_TRY IT_.
Please reproduce, exactly as given, the lines running from the start of the data to the line containing "Modern foil holiday", inclusive, and omit the pictures.

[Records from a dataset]
◆ ◆ ◆

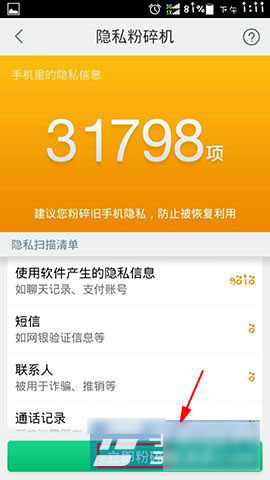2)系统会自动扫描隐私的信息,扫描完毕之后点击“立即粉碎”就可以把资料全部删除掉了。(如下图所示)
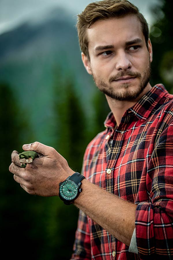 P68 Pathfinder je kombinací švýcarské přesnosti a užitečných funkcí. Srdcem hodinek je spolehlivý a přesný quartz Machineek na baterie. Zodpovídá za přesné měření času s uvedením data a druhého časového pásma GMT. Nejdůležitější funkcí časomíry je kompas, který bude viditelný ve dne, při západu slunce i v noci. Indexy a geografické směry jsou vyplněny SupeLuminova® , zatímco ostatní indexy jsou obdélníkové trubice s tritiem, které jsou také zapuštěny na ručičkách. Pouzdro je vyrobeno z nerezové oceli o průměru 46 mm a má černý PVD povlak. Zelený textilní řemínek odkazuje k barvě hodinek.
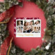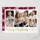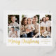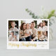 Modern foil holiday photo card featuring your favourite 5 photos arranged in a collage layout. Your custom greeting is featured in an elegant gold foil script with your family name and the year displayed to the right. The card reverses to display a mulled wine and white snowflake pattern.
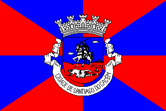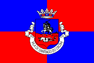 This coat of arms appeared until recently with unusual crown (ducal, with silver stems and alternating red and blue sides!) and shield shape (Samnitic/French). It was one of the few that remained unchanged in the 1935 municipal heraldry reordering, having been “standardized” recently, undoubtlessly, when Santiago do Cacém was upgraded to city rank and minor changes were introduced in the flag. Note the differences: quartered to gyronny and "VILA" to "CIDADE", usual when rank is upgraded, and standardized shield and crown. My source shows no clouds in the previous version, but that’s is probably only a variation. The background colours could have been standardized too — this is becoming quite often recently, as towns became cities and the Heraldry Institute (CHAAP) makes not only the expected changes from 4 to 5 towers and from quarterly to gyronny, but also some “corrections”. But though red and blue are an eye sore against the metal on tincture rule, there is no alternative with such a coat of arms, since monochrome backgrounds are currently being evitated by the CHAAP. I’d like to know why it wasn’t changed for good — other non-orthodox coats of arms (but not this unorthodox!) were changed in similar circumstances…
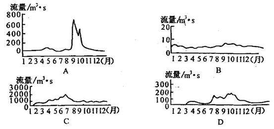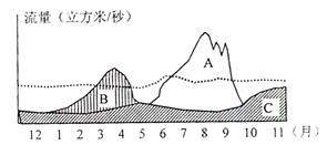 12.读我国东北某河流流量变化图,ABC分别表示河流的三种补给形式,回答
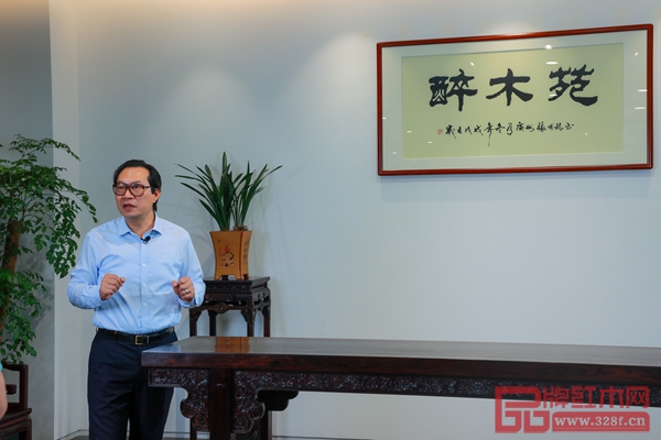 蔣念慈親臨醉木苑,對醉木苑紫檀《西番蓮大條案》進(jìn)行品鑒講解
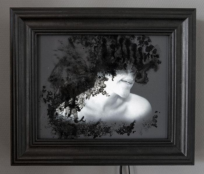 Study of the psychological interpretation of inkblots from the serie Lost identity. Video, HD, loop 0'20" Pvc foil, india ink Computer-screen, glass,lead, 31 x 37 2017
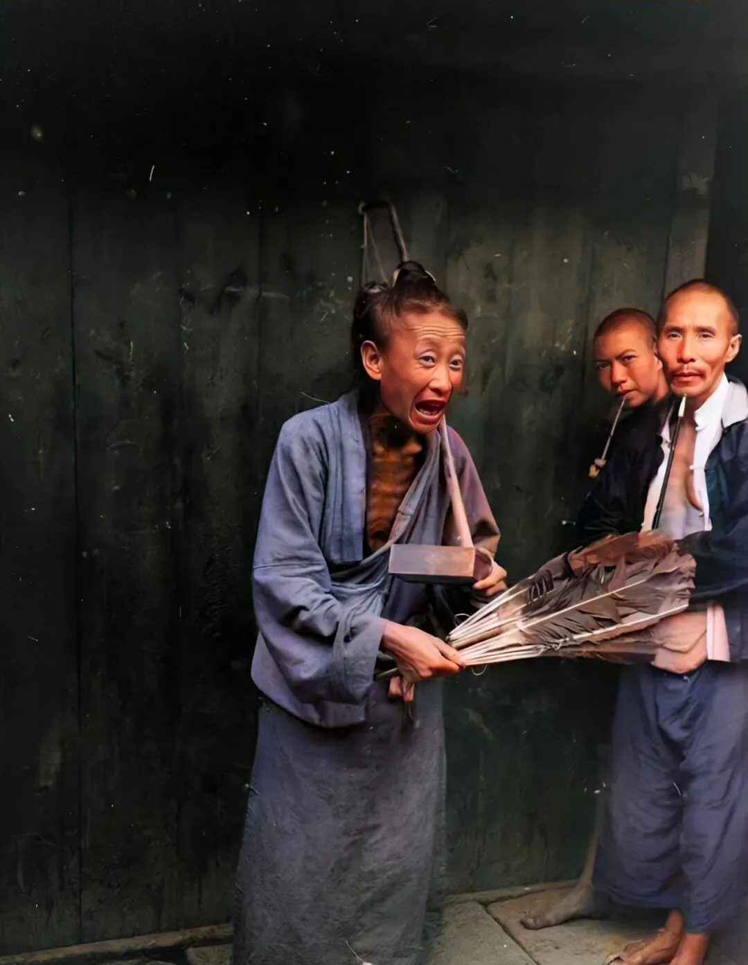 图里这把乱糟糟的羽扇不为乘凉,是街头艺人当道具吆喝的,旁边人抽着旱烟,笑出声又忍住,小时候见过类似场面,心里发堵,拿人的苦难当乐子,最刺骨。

◆ ◆ ◆

_EXERCISE OUTPUT_.
2)系统会自动扫描隐私的信息,扫描完毕之后点击“立即粉碎”就可以把资料全部删除掉了。(如下图所示)
 P68 Pathfinder je kombinací švýcarské přesnosti a užitečných funkcí. Srdcem hodinek je spolehlivý a přesný quartz Machineek na baterie. Zodpovídá za přesné měření času s uvedením data a druhého časového pásma GMT. Nejdůležitější funkcí časomíry je kompas, který bude viditelný ve dne, při západu slunce i v noci. Indexy a geografické směry jsou vyplněny SupeLuminova® , zatímco ostatní indexy jsou obdélníkové trubice s tritiem, které jsou také zapuštěny na ručičkách. Pouzdro je vyrobeno z nerezové oceli o průměru 46 mm a má černý PVD povlak. Zelený textilní řemínek odkazuje k barvě hodinek.
 Modern foil holiday photo card featuring your favourite 5 photos arranged in a collage layout. Your custom greeting is featured in an elegant gold foil script with your family name and the year displayed to the right. The card reverses to display a mulled wine and white snowflake pattern.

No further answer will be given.